» **Assignment**: Write out the records below exactly as they appear, skipping each picture.

» **Task inputs**:
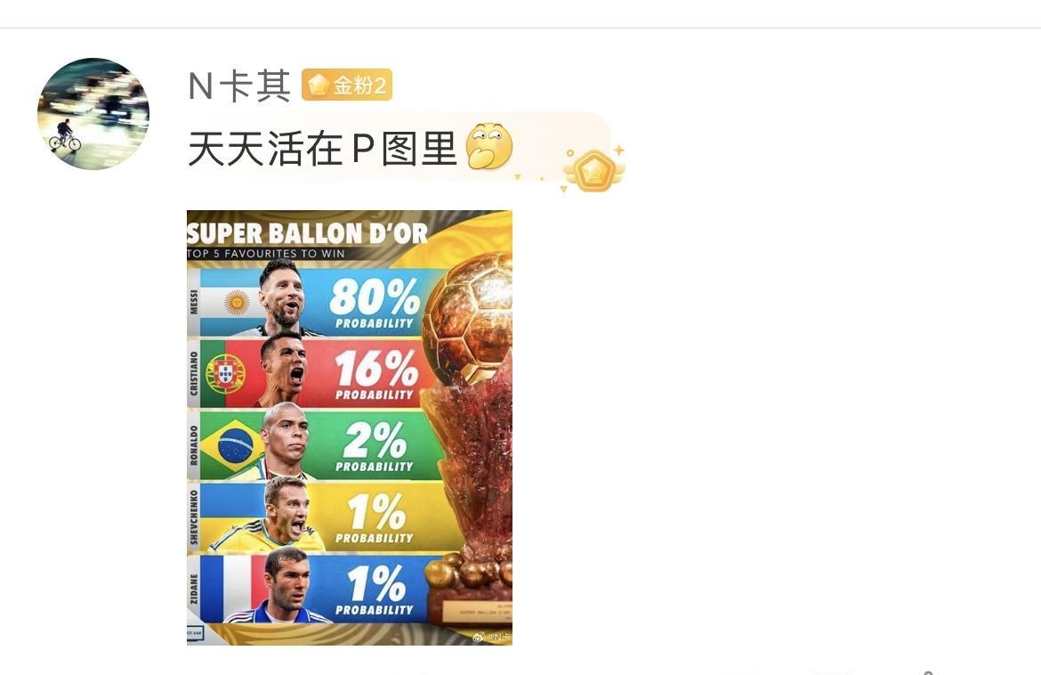 C罗粉丝:我罗是超级金球奖的热门人选。 话音刚落,就被人戳穿:天天活在P图里。人家还附上了真图,梅西80%的概率领先。
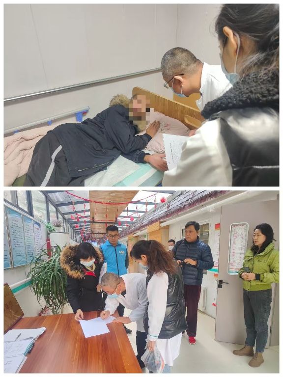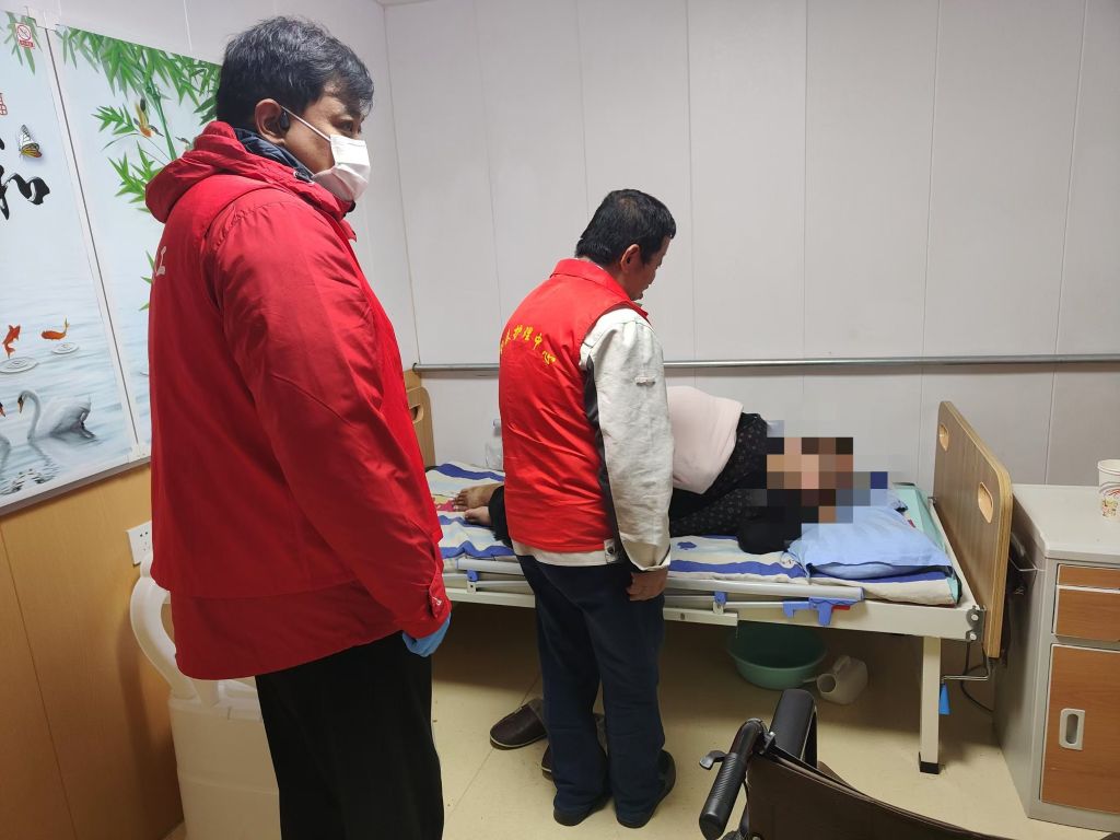 送老人去护理院之前,社工站联系社区医院的医生对老人的身体情况进行了全面评估。老人一改刚刚接受救助时的窘迫,身体明显有了气力,虽然无法表达,仍乐呵呵的配合着医生的询问。在医生的仔细评估后,认为老人的身体情况已经满足集中供养的要求,随时可以送老人去护理院。
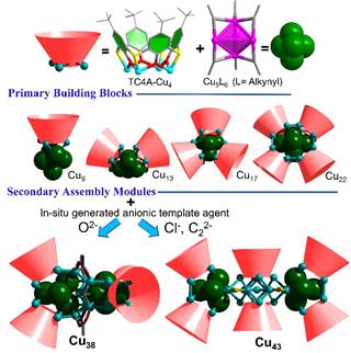 利用铜基催化剂进行电化学还原CO₂反应(CO₂RR)以生产高附加值的烃类燃料,是实现CO₂资源利用的有效手段。然而,铜基纳米材料的复杂表面结构阻碍了对CO₂RR反应机理的深入研究。铜纳米团簇作为一种新兴晶态铜基材料,其精确结构信息有助于在原子水平上调控催化剂活性,并提供研究材料结构与催化性能之间联系的平台。但低价铜纳米团簇不稳定,在严苛电催化条件下结构易破碎分解,因而高核铜纳米簇在电催化CO₂RR中的研究十分有限。
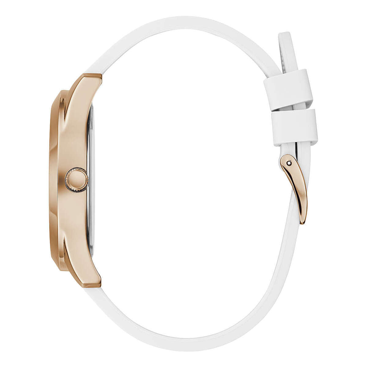 The crush timepiece from Guess features a rose gold plated stainless steel case. The case houses a glistening pink, yellow and orange bubble effect dial. The piece is finished with a contrasting soft white leather strap.
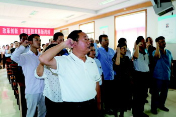 “作为一名医疗工作者,我正式宣誓:把我的一生奉献给人类;我将首先考虑患者的健康和幸福;我将尊重患者的自主权和尊严……”活动伊始,党委书记侯春生带领医师代表登台重温《希波克拉底誓言》,誓言遵守医生对患者、对社会的责任及医生行为规范。一字一句,入脑入心,响亮的宣誓声音回荡在会议室里。
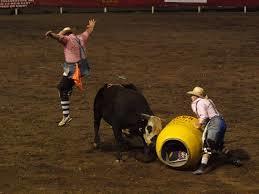 el trabajo del payaso es mantener a salvo el vaquero, para que no se quede pegado en el pretal o caiga y se lastimado por el toro
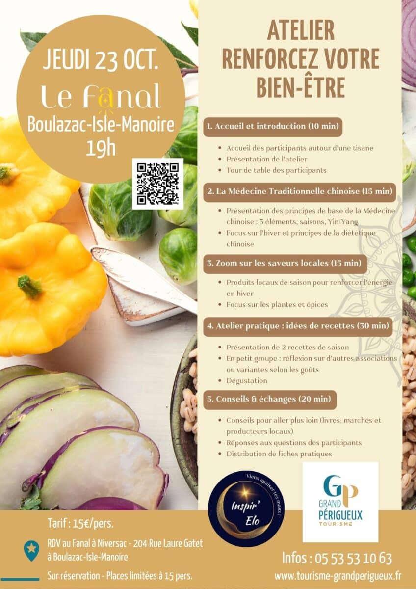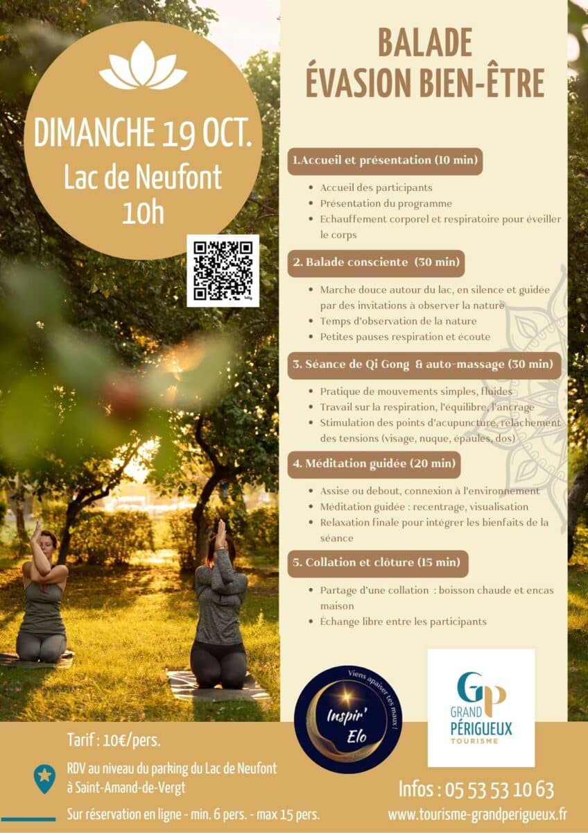 Découvrez nos ateliers bien-être en octobre ! Le 19 octobre, évadez-vous avec une balade évasion au Lac de Neufont : marche consciente, Qi Gong et méditation pour un moment de détente en pleine nature. Puis, le 23 octobre, renforcez votre bien-être au Fanal avec un atelier nutrition : médecine chinoise, recettes locales et conseils pratiques. Réservations obligatoires.

» **Response area**:
 C罗粉丝:我罗是超级金球奖的热门人选。 话音刚落,就被人戳穿:天天活在P图里。人家还附上了真图,梅西80%的概率领先。
 送老人去护理院之前,社工站联系社区医院的医生对老人的身体情况进行了全面评估。老人一改刚刚接受救助时的窘迫,身体明显有了气力,虽然无法表达,仍乐呵呵的配合着医生的询问。在医生的仔细评估后,认为老人的身体情况已经满足集中供养的要求,随时可以送老人去护理院。
 利用铜基催化剂进行电化学还原CO₂反应(CO₂RR)以生产高附加值的烃类燃料,是实现CO₂资源利用的有效手段。然而,铜基纳米材料的复杂表面结构阻碍了对CO₂RR反应机理的深入研究。铜纳米团簇作为一种新兴晶态铜基材料,其精确结构信息有助于在原子水平上调控催化剂活性,并提供研究材料结构与催化性能之间联系的平台。但低价铜纳米团簇不稳定,在严苛电催化条件下结构易破碎分解,因而高核铜纳米簇在电催化CO₂RR中的研究十分有限。
 The crush timepiece from Guess features a rose gold plated stainless steel case. The case houses a glistening pink, yellow and orange bubble effect dial. The piece is finished with a contrasting soft white leather strap.
 “作为一名医疗工作者,我正式宣誓:把我的一生奉献给人类;我将首先考虑患者的健康和幸福;我将尊重患者的自主权和尊严……”活动伊始,党委书记侯春生带领医师代表登台重温《希波克拉底誓言》,誓言遵守医生对患者、对社会的责任及医生行为规范。一字一句,入脑入心,响亮的宣誓声音回荡在会议室里。
 el trabajo del payaso es mantener a salvo el vaquero, para que no se quede pegado en el pretal o caiga y se lastimado por el toro
 Découvrez nos ateliers bien-être en octobre ! Le 19 octobre, évadez-vous avec une balade évasion au Lac de Neufont : marche consciente, Qi Gong et méditation pour un moment de détente en pleine nature. Puis, le 23 octobre, renforcez votre bien-être au Fanal avec un atelier nutrition : médecine chinoise, recettes locales et conseils pratiques. Réservations obligatoires.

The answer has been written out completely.